If you’re new to the concept, every Thursday at the Brewer’s Table is a special pairing between a new or tweaked version of a beer (or beers) and a specialty food item (or healthy slew of food items), specifically created to play well together in such a way that food and drink cease to remain mere means of fuel, and become something altogether transcendental.

The beer of the evening was a Belgian-style Black Ale, known as …


I’m not even going to try to spell that. But as always, over a pint of the new brew, I spoke with Blue Corn head brewer James Warren about the beer and what it was like working with Duel on a style he’s not traditionally used to brewing.

NMDSBC: This beer was brewed here, correct?

Warren: Absolutely!

NMDSBC: Who came up with the recipe, or was it more of a joint effort?

Warren: It was a joint effort. We went back and forth on this for a while. It was probably the hardest part of the whole thing.

NMDSBC: How long did that process take?

Warren: It was a couple of weeks. We had this idea that we wanted to do a collaboration, but it just took setting a date that we were going to do it. And then once we had that date, and it started to get closer, we were like, ‘oh, we should probably do something.’ (Laughs)

NMDSBC: So how did you decide on a Black Ale, a Cascadian Dark, or a Black IPA?

Warren: Well, we just kinda settled on this idea. And we thought — well, what do we have at Duel? We have this Trappist yeast strain available that they use. And so that’s the characteristic of what they do. Over here, with Roadrunner (IPA) and some other stuff, we use a lot more American hops. They have next to no American hops in what they do. So we realized that I’ve got this huge stock of American hops over here, and we started getting an idea together. And we began to think, how do you differentiate between the two ideas (of hops and Trappist yeast)? And what’s kind of the third counterpoint? And it was making this dark beer, but making a dark beer that doesn’t taste too dark. It’s kind of got this light profile to it. It’s like we had these ideas of what we both do. And the third point was kind of something that would be challenging to both of us.

NMDSBC: Were there any obstacles to brewing this one?

Warren: Honestly, finding the time, finding a day. (Duel brewer Todd Yocham and I) are both so busy as brewers, you know? Me, working by myself, and them having to do three brews to fill their tanks. It’s overwhelming. So, just finding that time, and like I said, we went back and forth on that recipe, but it wasn’t that hard after that. It took a lot of going back and forth, sure, but we were always headed towards the same point at the beginning.

NMDSBC: What was brew day like? Did you guys come together?

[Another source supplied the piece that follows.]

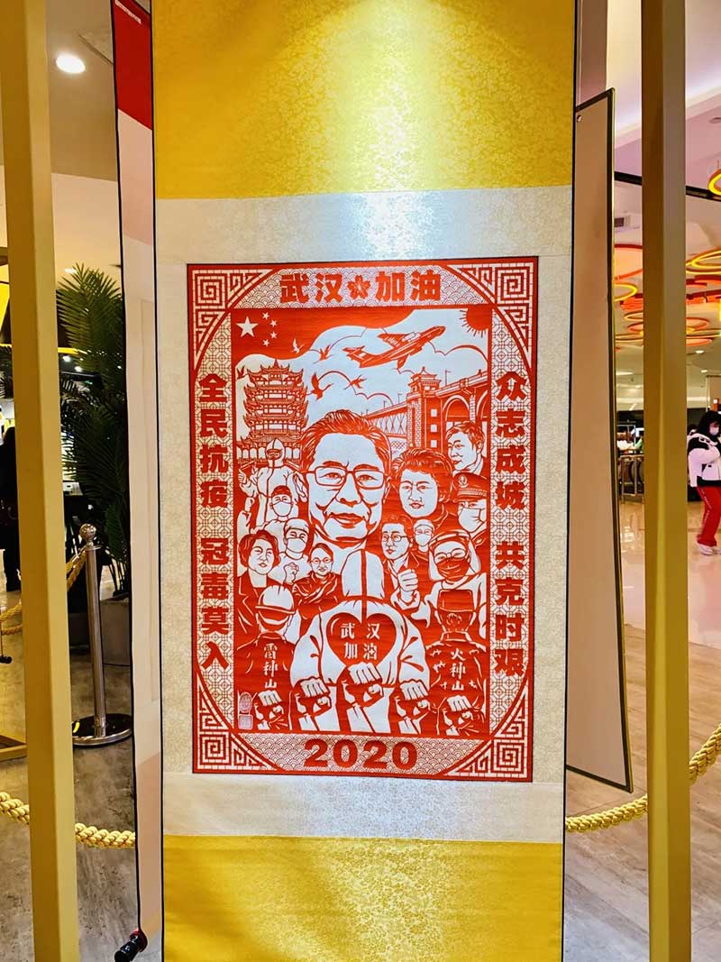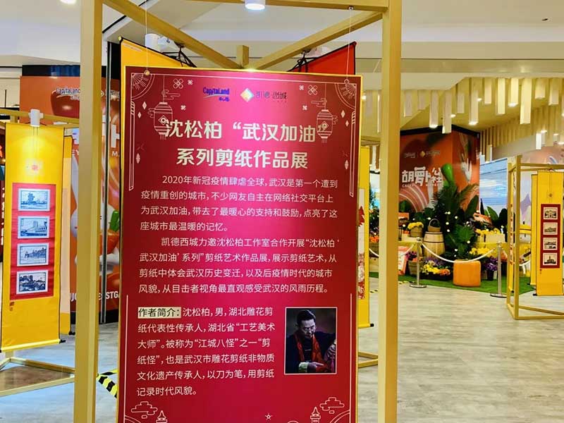 2020年初,一场突如其来的疫情改变了所有人的生活。为致敬这场抗击疫情的战役,抗疫一周年“武汉加油”剪纸公益展在凯德·西城的“胡萝卜公社”主题街区举办,本次展出的剪纸作品来自联合国科教文组织授予的“工艺美术家”沈松柏老师,生动展现了武汉人民在抗击疫情期间的无畏精神,为这座英雄的城市加油致敬。

Was he here in the brewhouse?

Warren: Yeah, we had Todd here in the morning —

Side Note: At this point James’ friend Kathryn, who had joined James, my friends, and I at the table, had sneezed, bringing the interview to a screeching halt. I’d threatened to put that sneeze in the article, because, when I’m “On the record,” I’m on the record. You’ve all been warned.

Warren: He’s going to put that in the article, you know. So, Todd got here early in the morning with me, we got goin’, and we got to talk a lot about the differences between how this stuff works for both breweries, and later on Michael (Karr, Duel’s other talented brewer) was able to show up, once he finished. They’re so busy finishing his brew day over there; he came and joined us at the end. So yeah, it was a lot of fun.

NMDSBC: So tell us a little bit about the beer, what’s in this guy?

Warren: I think the defining thing of it was the Carafa III that we used to darken it up. Not adding too much of that dark beer character to it, and then the rye. The rye was definitely Duel. You know, I don’t use a lot of rye in my beer. They do. And I thought, wonderful, it’s a chance for me to use it, and I didn’t have to order a whole bag of it, although, I think it was a whole bag of rye that we used to brew on our scale, in the end. (Laughs)

NMDSBC: Would you ever consider brewing this again?

Warren: I think it would be fun to brew this on their system next time, just to see how things would turn out differently. If I was to do it again, I’d love to do it there.

NMDSBC: Would you ever consider just doing another Black IPA here?

Warren: Yeah, I think the idea of things that look different than they taste is a fun idea.

NMDSBC: Absolutely.

Warren: So, I love the idea of a Black IPA, but you see a lot of deviation in the style. I have an idea in my head of how I think a Black IPA should taste like. If I ever think I’m capable of executing that idea, you might see it happen.

NMDSBC: And so this will be available here (Blue Corn), Duel, and at both Draft Stations for how long?

Warren: However long it lasts. Both Draft Stations are picking it up.

NMDSBC: And so Albuquerque, too?

Warren: Yep, Santa Fe’s getting their kegs (last Friday), and Albuquerque’s getting theirs (this) week, probably on Tuesday.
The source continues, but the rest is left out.